Offshoring of 190 Westpac jobs to The Philippines sparks data concern
Westpac is to move almost 200 jobs in SA and NSW to The Philippines, sparking condemnation from the Finance Sector Union, which claimed workers held concerns about the security of customer data.
Westpac is to move almost 200 jobs in South Australia and NSW to The Philippines, sparking condemnation from the Finance Sector Union, which claimed workers held concerns about the security of customer data.
The FSU said about 190 roles from the bank’s mortgage operations, institutional banking and customer solutions, would be sent offshore.
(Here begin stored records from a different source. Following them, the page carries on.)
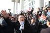 자유한국당 황교안 대표가 16일 국회에서 열린 '공수처법 선거법 날치기 저지 규탄대회' 참가자들과 함께 시위를 벌이고 있다./연합뉴스 |
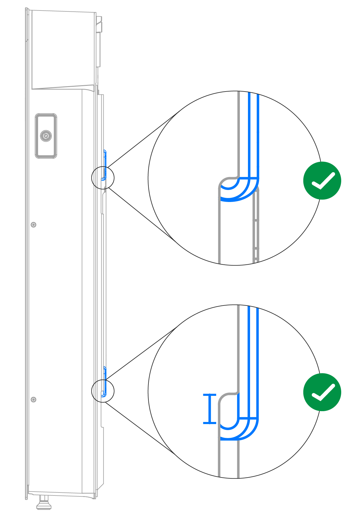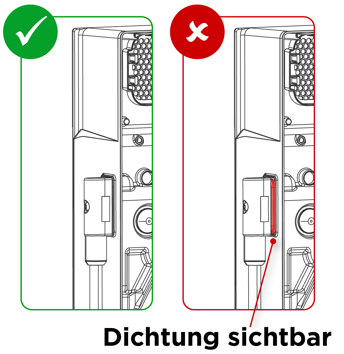 - Vergewissern Sie sich, dass beide Seiten des Erweiterungskabelbaums vollständig im Anschluss eingesteckt sind. Der korrekte Sitz des Kabelbaums ist daran erkennbar, dass keine Dichtung mehr freiliegt.
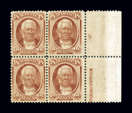 1404 nhbl 34 image#34, 18c Dull rose, impressive right sheet-margin part imprint block of four with "ABC" monogram, possessing unusually deep color and freshness, well centered, full o.g., the stamps have the usual light offset on gum though they have never been hinged except in the lower right selvage only, very fine; ex-Pietsch. (Image) $390.00+

FSU national secretary Julia Angrisano said the decision came three months after Westpac declared the bank was “in very good shape”,
“Westpac made $7bn in profit in the last financial year, a result the chief executive officer said would ‘set Westpac up for growth and success’. Is this what ‘growth and success’ looks like for Westpac workers?” she said.
“These are skilled bank workers managing complex commercial relationships and sensitive information. Our members who work at Westpac have told us about their concerns not just for their own jobs, but for customers and the security of their data.”
She said the union understood Westpac planned to transition all outsourced management and ethical review activity to Concentrix.
“We’ve seen what can happen when important work goes offshore – something as important as ethics being offshored can create dangerous implications and have flow on effects.”
The union will write to the premiers of NSW and South Australia to seek their intervention.
A Westpac spokesman said the banks employed 30,000 workers across the country.
“From time to time, we change the way we operate and this can impact some roles and responsibilities,” the spokesman said.
“When this happens, we work closely with employees to provide tailored support and assistance with career transition.
“We try to keep as many employees in the Westpac Group as we can, through retraining and redeployment.
“These changes are in head office and operational functions and represent around half a per cent of our workforce.”
The FSU said workers were concerned about how account information would be handled, with one worker, who declined to be identified, saying “it is risky to send this information to Manila”.
“I never thought this role would have been outsourced to an offshore ‘partner’ given the complexity and compliance risks associated with the complex accounts we work with,” another worker said.
A third employee said: “This is only going to tarnish Westpac’s reputation, result in complaints and put our compliance and regulatory obligations at risk.”